Als tijdens de alcoholische gisting geen of weinig H2S is gevormd, wil dat overigens niet zeggen dat de gisting optimaal is verlopen vanuit het standpunt van geur en smaak van de wijn. Het is namelijk ook mogelijk dat er andere zwavelverbindingen zijn gevormd, die de wijn allerlei gewenste of ongewenste aroma’s kunnen geven. In een recent artikel in Perswijn (november 2010) schrijft Lars Daniëls MW dat zwavel zeer goed aan de basis zou kunnen staan van allerlei aroma’s die men als mineraliteit benoemt. Ook andere bekende aroma’s in wijn zouden dus het gevolg kunnen zijn van ‘ondervoede’ gisten.
Natuurlijk hebben wijnmakers oplossingen voor het probleem van stikstoftekort. Eén simpele oplossing is het toevoegen van een stofje dat diammoniumfosfaat heet; een leek zou dat gewoon voedingszout noemen.
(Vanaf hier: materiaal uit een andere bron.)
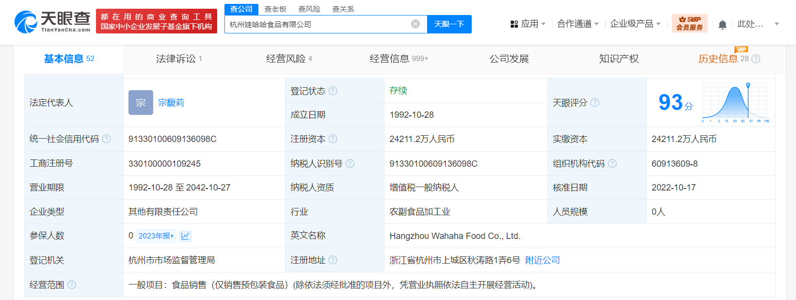 该公司成立于1992年10月,注册资本约2.42亿人民币,经营范围为食品销售。股东信息显示,该公司由杭州娃哈哈宏振投资有限公司、杭州娃哈哈集团有限公司、浙江娃哈哈实业股份有限公司共同持股。
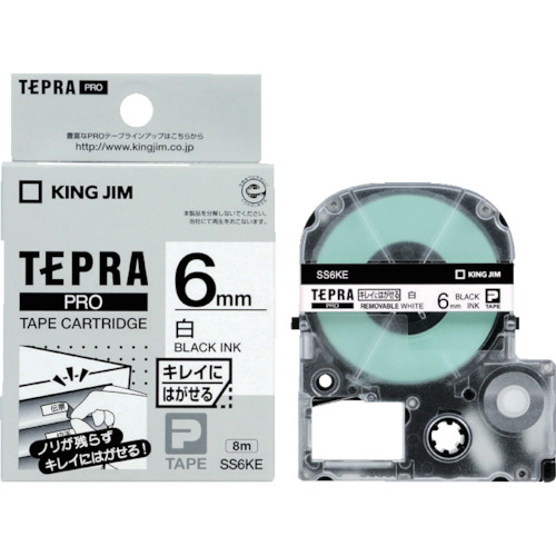 KING JIM 【純正】「テプラ」PROテープ 6mm キレイにはがせるラベル/白ラベル/黒文字 長さ8m SS6KE
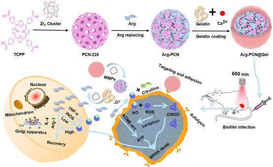 图1. Arg-PCN@Gel的制备及其靶向协同光动力疗法和营养免疫疗法的示意图
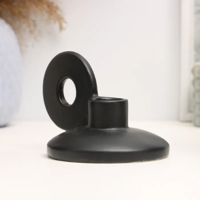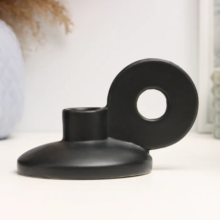 Подсвечник на 1 свечу TAKE IT EASY «Лео», керамика, чёрный глянец, 8×13×10 см

In de EU-landen is gebruik hiervan toegestaan tot 30 gram/hl, in de VS tot 96 g/hl en in Australië tot 40 g/hl. Je voegt het zout toe, de gist kan weer verder met het omzetten van suikers in alcohol, en gered is je wijn.
Wat wij ons afvragen: hoe komt de druif aan de juiste hoeveelheid stikstof? Is de verzorging van de bodem van invloed op het stikstofgehalte in de most? Ligt hierin misschien een verklaring voor het succes van biodynamie?